# 2023 East Coast Slingshot Tournament



## BiggBill (Jun 11, 2013)

Hello All
2023 ECST Dates are set June 1 thru June 4 2023
Event will be held at the East Huntingdon Sportsman's Association, as usual.
This year there are pre-sale tickets available. Pre-sale ticket purchase ensures a T-shirt of correct size is reserved.
I am hoping to adopt the new 5 shot World Cup knock down system in lieu of Spanish Knockdown. This also means that other participating events will be using the same rules and structure to hopefully build on a national knock down title.
It is early and many details are not yet in stone.

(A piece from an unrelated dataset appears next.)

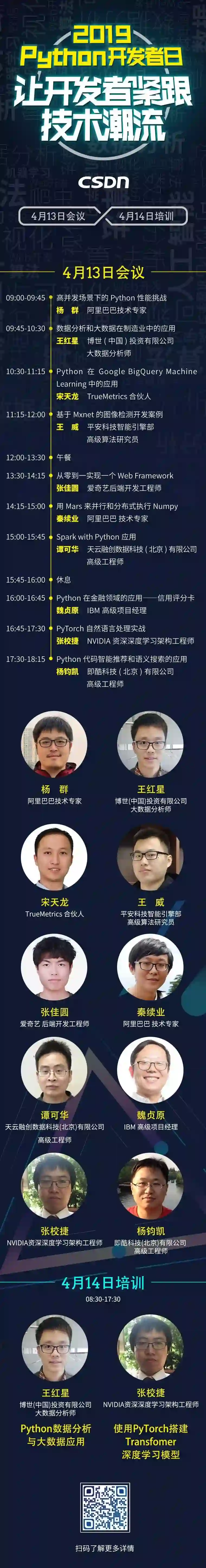 「2019 Python开发者日」全日程揭晓,请扫码咨询 ↑↑↑
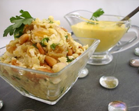 Voici une entrée originale et rafraîchissante à base de chou-fleur cru, d'oignons, de raisins secs et de pignons de pin, le tout accompagné d'une sauce au curcuma et au persil.

More to come as the event evolves.
Pre-sale tickets will be available until May 1 2023.
Get those vacation schedules in and make this year the year you attend THE ECST!
Hope to see you there.









2023 East Coast Slingshot Tournament


2023 ECST Gathering of slingshot enthusiasts with a friendly competition attached. Open to all ages and skill levels. Pre-sale tickets available thru Eventbrite link. Pre-sale tickets entitle the...




www.facebook.com


----------



## hoggy (Apr 17, 2017)

looking forward to it.


----------



## trapperdes (Apr 5, 2015)

Hoping to be there!


----------



## skarrd (Jul 20, 2011)

sounds fun


----------